Wenn's ums Essen geht, verstehen die Italiener keinen Spaß. Vor allem nicht, wenn ihre Traditionsrezepte neu interpretiert werden. Das wagte ein französischer Food-Blog und zog damit den Zorn Italiens auf sich.

Spaghetti Carbonara

Für Spaghetti Carbonara braucht man eigentlich nur drei Zutaten, abgesehen von Spaghetti, Salz und Pfeffer: Pecorino-Käse, Eier und Guanciale (Backenspeck vom Schwein).

Mit Italienern diskutiert man nicht übers Essen. Vor allem nicht über italienische Rezepte. Die wurden vor Jahrzehnten einmal festgelegt und dürfen nicht verändert werden. Keine Kompromisse. Wenn die Italiener nach Deutschland schielen und dabei zusehen müssen, dass manch einer Sahne in die Spaghetti Carbonara hinein gibt, schlagen sie die Hände vors Gesicht und rufen "Non si fa" - "Das macht man nicht". Jetzt gilt der Zorn zur Abwechslung nicht den Deutschen, sondern den Franzosen.

Der französische Foodblog Demotivateur hat es gewagt, die Spaghetti Carbonara neu zu interpretieren: als One-Pot-Pasta. Mit Barilla-Farfalle, Crème fraîche, Zwiebeln und einem rohen Ei on top. Das ist mehr als ein Fauxpas. Das grenzt in Italien an kulinarischer Blasphemie. Aber sehen Sie selbst: 

"Fünf Schweigeminuten für den Tod der Carbonara in Frankreich", kommentiert eine Facebook-Gruppe, die sich "Sai cosa mangi?" "Weißt du, was du isst?" nennt. Sie schreibt weiter: "Verzeiht ihnen, weil sie nicht wissen, was sie tun." Der Blog konnte wohl nicht ahnen, welche Wellen der Aufregung das Video auf Youtube schlagen würde. Laut dem "Telegraph" haben bis zu 1,3 Millionen Menschen das Carbonara-Desaster geklickt und auch kommentiert. Mittlerweile hat der Foodblog das Video vom Netz genommen. Eine weise Entscheidung, wie viele Italiener meinen. Denn in die echte Spaghetti Carbonara dürfen neben Spaghetti, Salz und Pfeffer nur drei weitere Zutaten: Pecorino-Käse, Eier und Guanciale (Backenspeck vom Schwein). Der Speck wird dabei scharf angebraten, Käse und Eier zu einer Masse vermengt und über die warmen, bissfesten Spaghetti gegeben. Die Sämigkeit der Pasta entsteht nur mithilfe des Eigelbs und eventuell noch einer Kelle Nudelwasser. Aber niemals mit Créme fraîche.

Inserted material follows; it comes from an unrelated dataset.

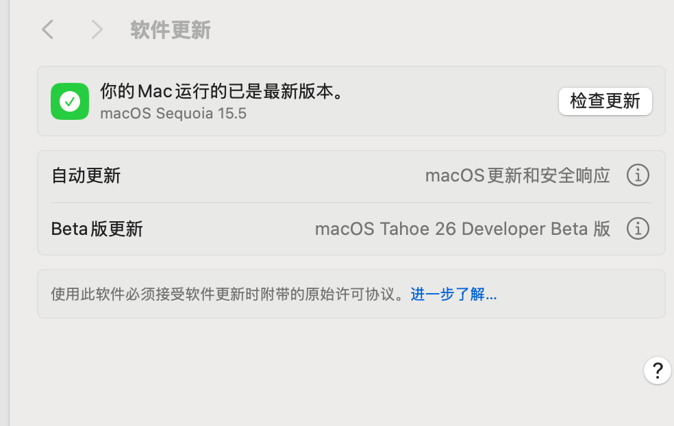 我在软件更新中点击检查更新, 提示已经是最新版本 15.5, 2021 Mac Pro 16 Apple M1 Pro

Carbonaragate erregt die italienischen Gemüter 

Sogar der italienische Nudelhersteller Barilla hat sich auf Facebook zu Carbonaragate, wie einige internationale Medien den Vorfall getauft haben, geäußert: 

"Mon dieu! Wir sind offen für alle kreativen Interpretationen der mythischen Carbonara, aber das geht zu weit... désolé, es tut uns Leid!" schreibt Barilla auf Facebook. "Versucht das Bild von gekochtem Speck mit diesem Originalrezept unseres Küchenchefs zu verdrängen", empfiehlt Barilla den Facebook-Usern und postet ein Rezept für eine traditionelle Spaghetti Carbonara.

Sogar die italienische Tageszeitung "La Repubblica" hat auf der ersten Seite über das Youtube-Video berichtet und die Franzosen darin beschuldigt, innerhalb von 46 Sekunden ein Gericht, das eigentlich die italienische Tradition symbolisiert, zerstört zu haben.

Barilla hingegen beharrt darauf, dass das Youtube-Video vom französischen Blog, die Barilla-Nudeln in ihrem Rezept verwenden, keine bezahlte Werbung sei, obwohl der Blog Demotivateur ein redaktioneller Partner von Barilla sei. Ein Sprecher von Barilla sagt, dass Demotivateur in diesem Fall einfach falsch gelegen habe und deshalb wurde das Video auch vom Netz genommen. Dafür habe Barilla aber ein ordnungsgemäßes Video der Spaghetti Carbonara veröffentlicht. 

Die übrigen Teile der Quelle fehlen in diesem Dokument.